The confusion matrix reveals that most of the virginica misclassifications are predicted to be versicolor. The iris data set features 50 members of each class, but problems with class imbalance are more difficult to visualize in this way. Thus, sometimes it's helpful to normalize each value relative to the true number of sources.

Better still, we can visualize the confusion matrix in a readily digestible fashion. First - let's normalize the confusion matrix.

Problem 2e

Calculate the normalized confusion matrix. Be careful, you have to sum along one axis, and then divide along the other.

Anti-hint: This operation is actually straightforward using some array manipulation that we have not covered up to this point. Thus, we have performed the necessary operations for you below. If you have extra time, you should try to develop an alternate way to arrive at the same normalization.


In [18]:
normalized_cm = cm.astype('float')/cm.sum(axis = 1)[:,np.newaxis]

normalized_cm


Out[18]:
array([[ 1.  ,  0.  ,  0.  ],
       [ 0.02,  0.92,  0.06],
       [ 0.  ,  0.26,  0.74]])

Normalization makes it easier to compare the classes when there is class imbalance.

We can visualize the confusion matrix using imshow() within pyplot. A colorbar and axes labels will be needed.

Problem 2f

Plot the confusion matrix. Be sure to label each axis.

Hint - you might find the sklearn confusion matrix tutorial helpful for making a nice plot.


In [ ]:
plt.imshow( # complete

In [24]:
sns.set_style('white')
plt.imshow(normalized_cm, interpolation = 'nearest', cmap = 'Blues')

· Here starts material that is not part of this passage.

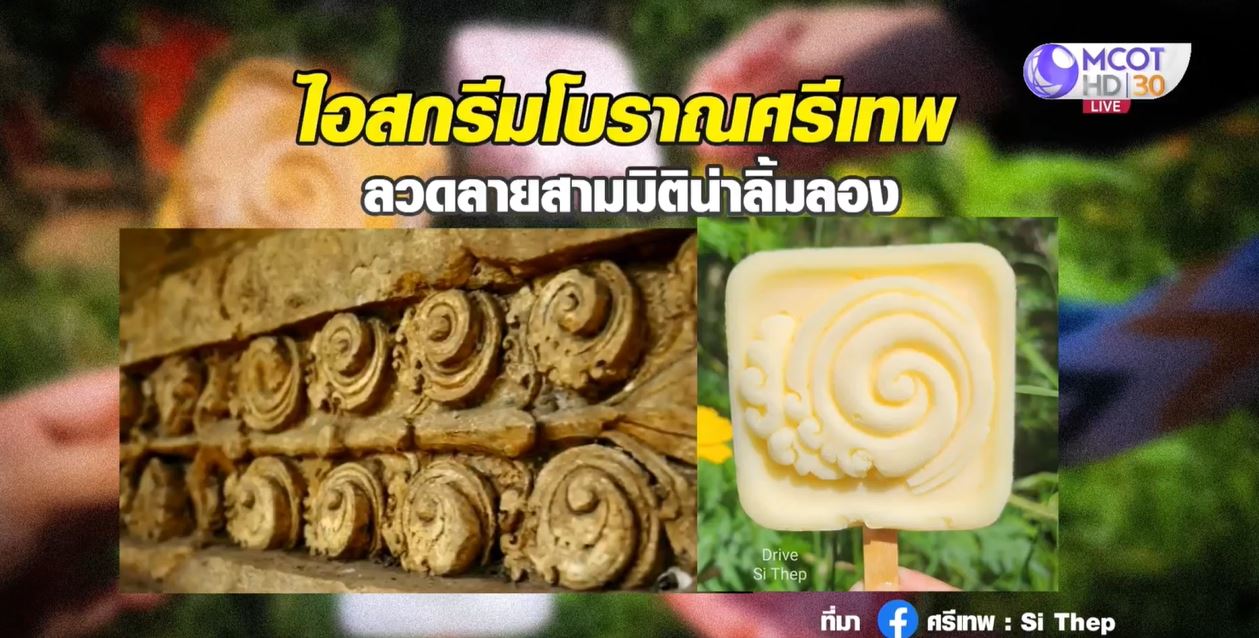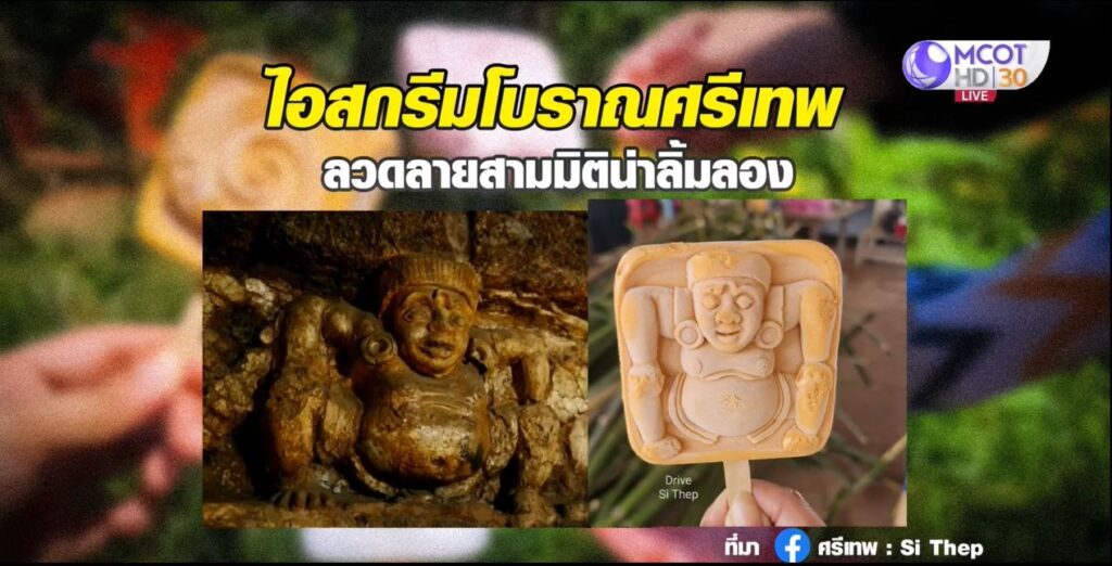 เฟซบุ๊ก ศรีเทพ : Si Thep โพสต์รูปภาพ “ไอศกรีมโบราณภาพ” ในอุทยานประวัติศาสตร์ศรีเทพ อ.ศรีเทพ จ.เพชรบูรณ์ โดยไอศกรีมออกแบบให้เป็นลวดลายต่างๆ สอดคล้องกับลวดลายโบราณสถานในอุทยานประวัติ พร้อมระบุข้อความว่า “ไอติมโบราณ ของเมืองโบราณศรีเทพ…Intrend มิใช่น้อยไอติมอร่อย ๆ ลายเก๋ ๆ มาเที่ยวศรีเทพแล้วจะรู้ว่าคือลายอะไรและอยู่ตรงไหนของเมืองศรีเทพ”

tick_marks = np.arange(len(iris.target_names))
plt.xticks(tick_marks, iris.target_names, rotation=45)
plt.yticks(tick_marks, iris.target_names)


plt.ylabel( 'True')
plt.xlabel( 'Predicted' )
plt.colorbar()
plt.tight_layout()


Challenge Problem) ROC Curves

Earlier today we learned about receiver operating characteristic (ROC) curves as a means of measuring model performance. In brief, ROC curves plot the true positive rate (TPR) as a function of the false positive rate (FPR). Typically, the model that gets closest to TPR = 1 and FPR = 0 is considered best.

Measuring TPR as a function of FPR requires classification probabilities, which are not typically available for $kNN$ models, but this is possible using sklearn (in brief, the probabilities are just the relative fraction of each class within the $k$ neighbors).

Challenge Problem

Plot the ROC curve for each class in the iris data set using a $k = 50$ $kNN$ model and 10-fold cross validation predictions. Be sure to clearly label each of the curves.

Hint 1 - ROC curves only work for 2 class problems. You need to create three 1 vs. all models in this case.

Hint 2 - in cross_val_predict you'll want to set method = 'predict_proba' in order to return class probabilities.

Hint 3 - (sklearn to the rescue again!) sklearn.metrics.roc_curve quickly calculates the FPR and TPR when given class labels and prediction probabilities.


In [67]:
from sklearn.metrics import roc_curve
from sklearn.metrics import roc_auc_score

sns.set_style("darkgrid")
fig, ax = plt.subplots()
# loop over each iris type for 1 vs all classification
for iris_type in ['setosa', 'versicolor', 'virginica']:
    y_iris_type = np.zeros(len(iris.target), dtype = int)
    y_iris_type[np.where(iris.target == int(np.where(iris.target_names == iris_type)[0]))] = 1
    y_preds = cross_val_predict(KNeighborsClassifier(n_neighbors=50), iris.data, y_iris_type , 
                                 method = 'predict_proba', cv = 10)
    fpr, tpr, thresholds = roc_curve(y_iris_type, y_preds[:,1])
    auc = roc_auc_score(y_iris_type, y_preds[:,1])
    ax.plot(fpr, tpr, label = r'$\mathrm{{{:s}}}, AUC = {{{:.3f}}}$'.format(iris_type, auc))

ax.legend(loc = 4, fontsize = 18)
ax.set_xlim(-0.03, 0.3)
ax.set_ylim(0.4,1.03)
ax.set_xlabel(r'$\mathrm{False \; Positive \; Rate}$', fontsize = 18)
ax.set_ylabel(r'$\mathrm{True \; Positive \; Rate}$', fontsize = 18)


Out[67]:
<matplotlib.text.Text at 0x120d15150>

In [ ]: